Scientific solutions devoted to physical layout analysis of Arabic documents are few and difficult to assess because of differences in methods, data, and evaluation metrics. Researchers cannot compare their work to the work of others due to the absence of publicly available research datasets that are suitably annotated for evaluating solutions to physical layout analysis tasks.
This competition will provide: (1) a benchmarking dataset for testing physical layout analysis solutions, which contains an annotated test set of scanned Arabic book page samples with a wide variety of content and appearance, and (2) a full evaluation scheme by offering code to compute a set of evaluation metrics to both analysis tasks (segmentation and classification) for quantitative evaluation, and to visually asses the analysis result for qualitative evaluation.
Tasks and Procedures
Task is to provide zone-level segmentation results to the benchmarking data: i.e. BB coordinates of each zone in addition to identifying the zone type for being “text” or “non-text”.
The zone segmentation evaluation should be performed based on certain metrics defined by Shafait et al. [1]: Average black pixel rate, over-segmentation error, under-segmentation error, correct-segmentation, missed-segmentation error, false alarm error, overall block error rate.

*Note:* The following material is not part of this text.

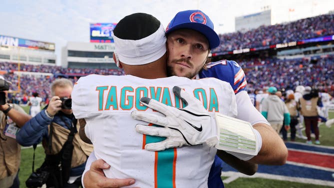 ORCHARD PARK, NY - Tua Tagovailoa of the Miami Dolphins and Josh Allen of the Buffalo Bills embrace on the field after their game at Highmark Stadium on November 3, 2024. (Photo by Bryan M. Bennett/Getty Images)

The zone classification evaluation should be performed based on: Precision (Pr), Recall (Rec), F1-measure (F1) and Average class accuracy (Acc) on both pixel and block levels
Who can register
- New systems (not previously published) are invited to participate by submitting a 6-pages draft to ASAR 2018 workshop describing the system and results on private data beside the competition benchmarking data.
- Published systems are welcomed to participate with a technical report including full system description and results on the competition benchmarking data
- Note:Registration is important even if you are not going to participate in the challenge. Having your contact information will help us keep you updated with future events and resources of your interest.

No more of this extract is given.